Lo que más me sorprendió fue que, antes de llegar al cruce con Reforma, le pregunte por la medalla que colgaba de su retrovisor y me contó que cada año corre la carrera del Día del Padre. Veintiún kilómetros. A sus setenta y tantos. Yo pensé que estaba cotorreando, pero lo dijo con esa seriedad humilde que da el orgullo verdadero.
—No crea que me aviento el maratón como antes —me dijo riéndose—. No, ya no. Pero el medio todavía me lo echo. Poco a poquito, con mis pasitos de pollo, pero llego.
Platicaba mientras cambiaba de carril como si nada, esquivando a los trasnochados y motos suicidas. Yo lo escuchaba entre sorprendido y fascinado.
—¿Y por qué lo sigue corriendo, Don?
—Porque allí recuerdo quién era —me dijo—. Yo corrí seis veces el maratón de la ciudad, cuando era más chavo… ¡ay, joven!, esos días sentía que podía con todo.

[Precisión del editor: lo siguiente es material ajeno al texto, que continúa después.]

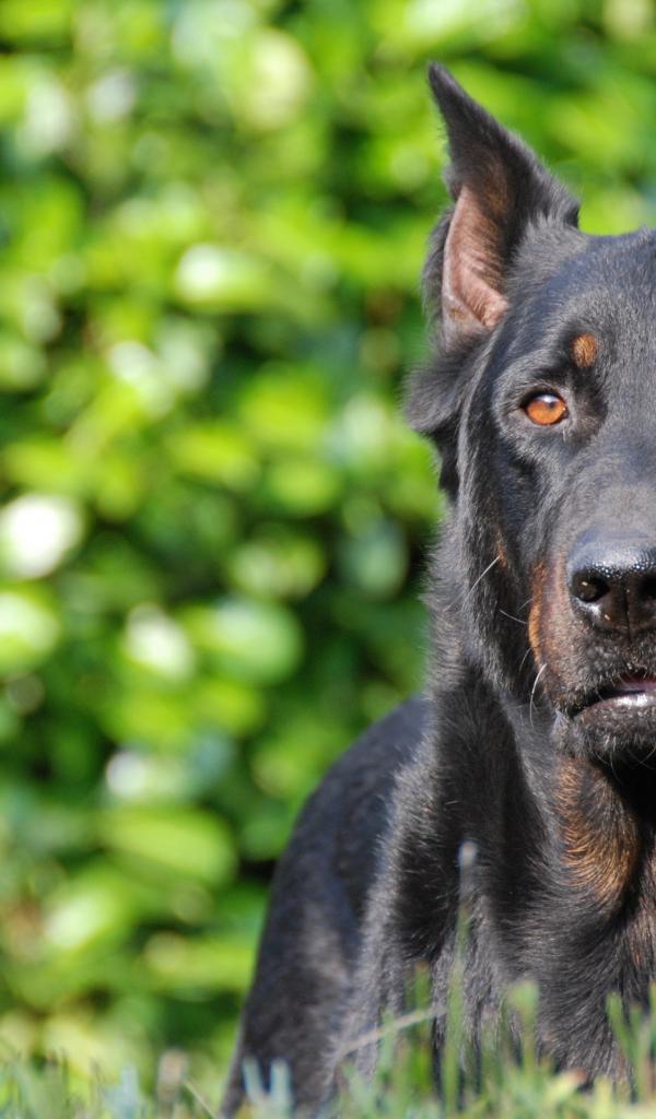 Wallpaper Serious beautiful Beauceron on the background of foliage

Éramos miles, sudando y echándonos porras, y yo nomás veía a mi jefecita entre la gente, gritándome: “¡ándale, Andrés, no te me rajes!”. Eso no se olvida.
Don Andrés media uno sesenta y cinco “con tenis”, según él. Flaco, correoso, con brazos llenos de venitas como mapas. Pero algo en su mirada se siente grande. Es esa chispa que tienen los que todavía disfrutan estar vivos.
—La ciudad ya está bien loca, ¿verdad? —me preguntó mientras pasábamos por un semáforo donde un güey hacía malabares a esas horas de la madrugada.
—Sí, Don… cada día más.
—Pos mire —dijo encogiéndose de hombros—, yo ya le dejé de pelear. La ciudad es como una mujer brava: si le gritas, te avienta la chancla; si la tratas bonito, igual y te deja pasar.
Y se soltó riendo. Risa viejita pero fuerte, de esas que se sienten como apretón de manos.
Mientras avanzábamos por las calles solitarias, me contó que empezó a manejar taxi a los diecinueve años. “Apenas me salía el bigote y ya andaba dando vueltas por Insurgentes”. Conoció la ciudad cuando todavía olía a pan por las mañanas y a petroleo por las noches. Ha visto cambios, tragedias, temblores, nuevos edificios donde antes había fonditas. Ha visto todo y no le tiembla la voz al contarlo.
—Pero lo que más me gusta de manejar —dijo— es que todos los días conozco a alguien distinto. Unos me cuentan chismes, otros lloran, otros se quedan dormidos. Yo nomás escucho. La gente necesita que uno la escuche tantito.
—Eso ya no lo hacen muchos taxistas, Don.
—Pos por eso se suben conmigo —respondió guiñando un ojo.
Cuando llegamos a la Portales, antes de que yo bajara, me dijo:
—Mire, joven… si un día anda agüitado, váyase a ver una carrera. La que sea. Pero vaya. Ver gente corriendo le recuerda a uno que todos traemos algo que perseguir. Cualquier cosita. Un sueño, un recuerdo, una promesa. Yo no corro pa’ ganar, yo corro pa’ acordarme de que sigo aquí.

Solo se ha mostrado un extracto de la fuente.